• _WORK INSTRUCTIONS_
Please return the listing exactly as it stands, skipping any pictures.

• _EXTRACTED MATERIAL_

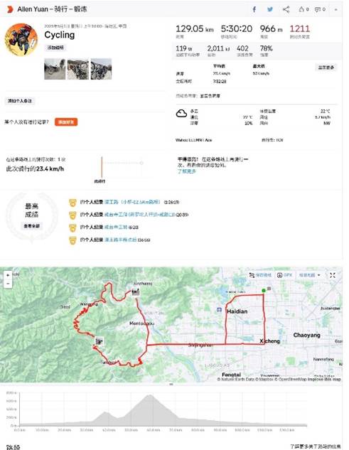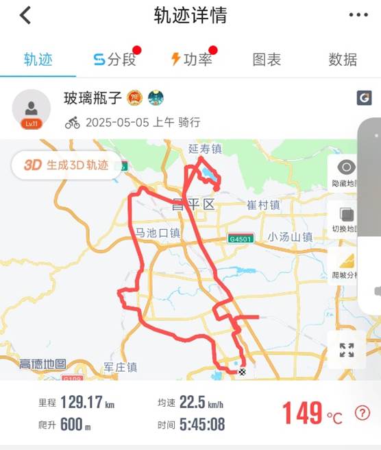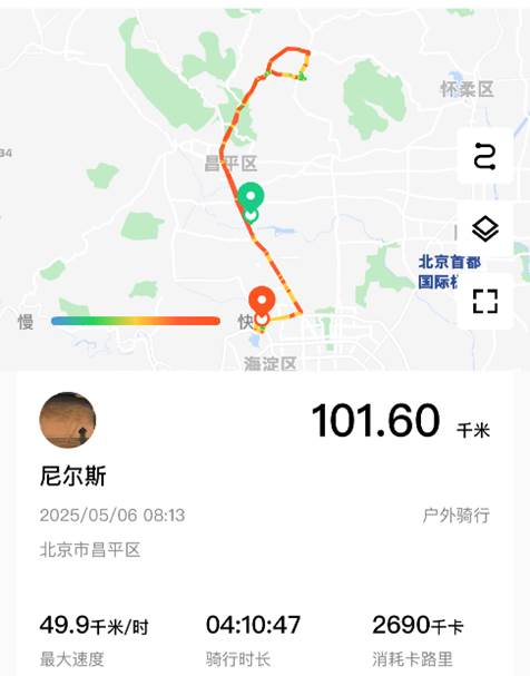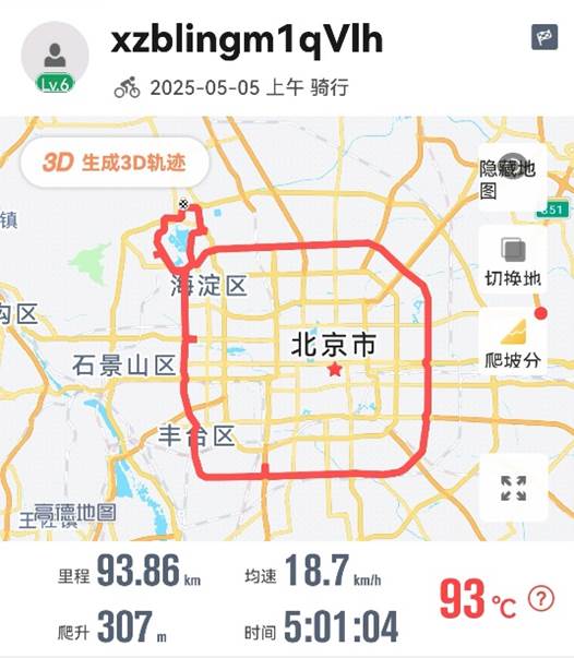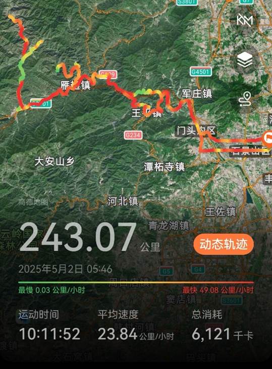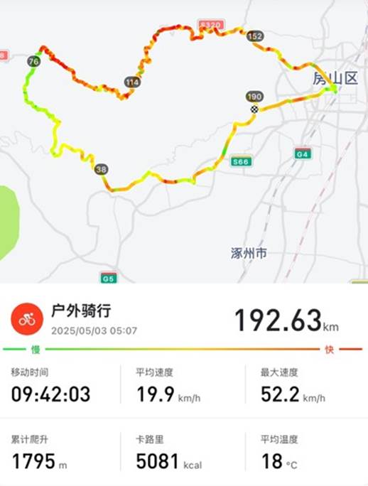 【43号-计算机学院-刘伟老师-大房山】,值此北大127周年华诞,有幸随教职工自行车协会骑行献礼。车轮滚滚,丈量祖国热土;清风徐徐,拂过赤诚之心。每一次蹬踏,都是对北大精神的致敬;每一滴汗水,都饱含对学校的深情。愿北大永铸辉煌,再谱华章!骑行线路起始于房山南大街,途径京周路、房易路、龙下路、云居寺路、周张路、涞宝路、京昆路、108国道复线、京昆路、阎河路、良坨路、北关西路、拱辰大街、良乡中路、良乡西路、月华大街、月华南大街、京周路、燕房路、房山东大街,最终回到房山南大街。 初夏骑行温馨提示以下几点: 一是出门早做好保暖工作,否则容易失温。(很冷,身体会僵) 二是装备要准备好,佩戴好。(要带骑行手套) 三是爬升量力而行,该歇就歇,补给要跟上。(准备充足的能量胶+盐丸+电解质水) 四是在山中骑行注意横风。(放坡的时候横风对于骑行影响很大,一个坡段可能有多个位置的来风) 五是注意野生动物袭击。(谨防野狗袭击,谨防蜜蜂钻进头盔里) 六是及时补充能量。(不然很容易低血糖,很危险) 七是不要随意跟不熟悉的人骑行。(骑行习惯不熟悉,容易发生事故)
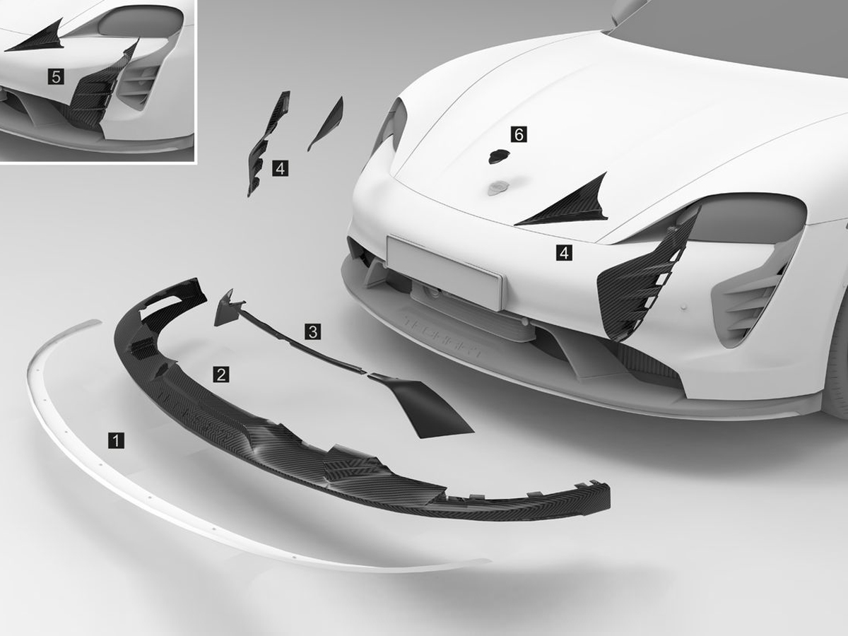 请注意:对于非 Turbo GT 车型,安装时需要额外的保时捷零件 - 单独提供。
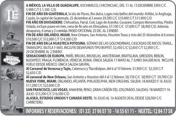 Teléfono: 3002-6470. Suscripciones: Ext. 1954 | Publicidad: Ext. 1925 | Redacción: Ext. 1922 Horario de oficina: 8:30 a.m. a 5:30 p.m., correo electrónico: semanario@cccomunicaciones.com.mx Página Internet: http://www.semanario.com.mx • Distribución: Mensajería Tercer Milenio, Jarauta N. 510-A, Tel. 3618-9670, planta alta. Guadalajara, Jal. C.P. 44360
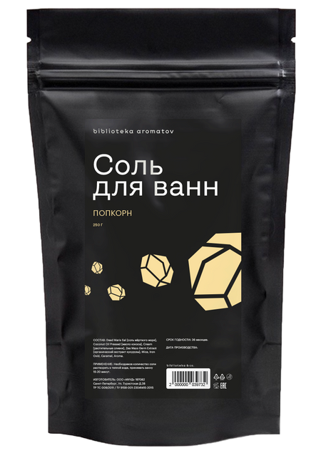 Расслабиться в ванной с ведёрком любимого попкорна? Легко! Воздушный аромат соли для ванн окутает карамельными грёзами, экстракт кукурузы в составе успокоит тело: он способствует восстановлению и питанию кожи, защищает от воздействия извне. Масло кокоса сделает её мягче, горячие ароматные пары раскроют поры и отставят сладкий шлейф.Maris Sal [cоль Мёртвого моря], Coconut Oil Pressed [масло кокоса], Сream [растительные сливки], Zea Mays Germ Extract [органический экстракт кукурузы], Mica [слюда], Iron Oxide [оксид железа], Caramel [карамель], Aromа [парфюмерная композиция].
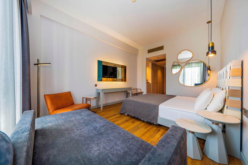 Stylish suites with extra space, a balcony or terrace, a bathroom with bath and separate shower, fridge and turndown service for a more boutique feel.

• _TASK ANSWER_
 【43号-计算机学院-刘伟老师-大房山】,值此北大127周年华诞,有幸随教职工自行车协会骑行献礼。车轮滚滚,丈量祖国热土;清风徐徐,拂过赤诚之心。每一次蹬踏,都是对北大精神的致敬;每一滴汗水,都饱含对学校的深情。愿北大永铸辉煌,再谱华章!骑行线路起始于房山南大街,途径京周路、房易路、龙下路、云居寺路、周张路、涞宝路、京昆路、108国道复线、京昆路、阎河路、良坨路、北关西路、拱辰大街、良乡中路、良乡西路、月华大街、月华南大街、京周路、燕房路、房山东大街,最终回到房山南大街。 初夏骑行温馨提示以下几点: 一是出门早做好保暖工作,否则容易失温。(很冷,身体会僵) 二是装备要准备好,佩戴好。(要带骑行手套) 三是爬升量力而行,该歇就歇,补给要跟上。(准备充足的能量胶+盐丸+电解质水) 四是在山中骑行注意横风。(放坡的时候横风对于骑行影响很大,一个坡段可能有多个位置的来风) 五是注意野生动物袭击。(谨防野狗袭击,谨防蜜蜂钻进头盔里) 六是及时补充能量。(不然很容易低血糖,很危险) 七是不要随意跟不熟悉的人骑行。(骑行习惯不熟悉,容易发生事故)
 请注意:对于非 Turbo GT 车型,安装时需要额外的保时捷零件 - 单独提供。
 Teléfono: 3002-6470. Suscripciones: Ext. 1954 | Publicidad: Ext. 1925 | Redacción: Ext. 1922 Horario de oficina: 8:30 a.m. a 5:30 p.m., correo electrónico: semanario@cccomunicaciones.com.mx Página Internet: http://www.semanario.com.mx • Distribución: Mensajería Tercer Milenio, Jarauta N. 510-A, Tel. 3618-9670, planta alta. Guadalajara, Jal. C.P. 44360
 Расслабиться в ванной с ведёрком любимого попкорна? Легко! Воздушный аромат соли для ванн окутает карамельными грёзами, экстракт кукурузы в составе успокоит тело: он способствует восстановлению и питанию кожи, защищает от воздействия извне. Масло кокоса сделает её мягче, горячие ароматные пары раскроют поры и отставят сладкий шлейф.Maris Sal [cоль Мёртвого моря], Coconut Oil Pressed [масло кокоса], Сream [растительные сливки], Zea Mays Germ Extract [органический экстракт кукурузы], Mica [слюда], Iron Oxide [оксид железа], Caramel [карамель], Aromа [парфюмерная композиция].
 Stylish suites with extra space, a balcony or terrace, a bathroom with bath and separate shower, fridge and turndown service for a more boutique feel.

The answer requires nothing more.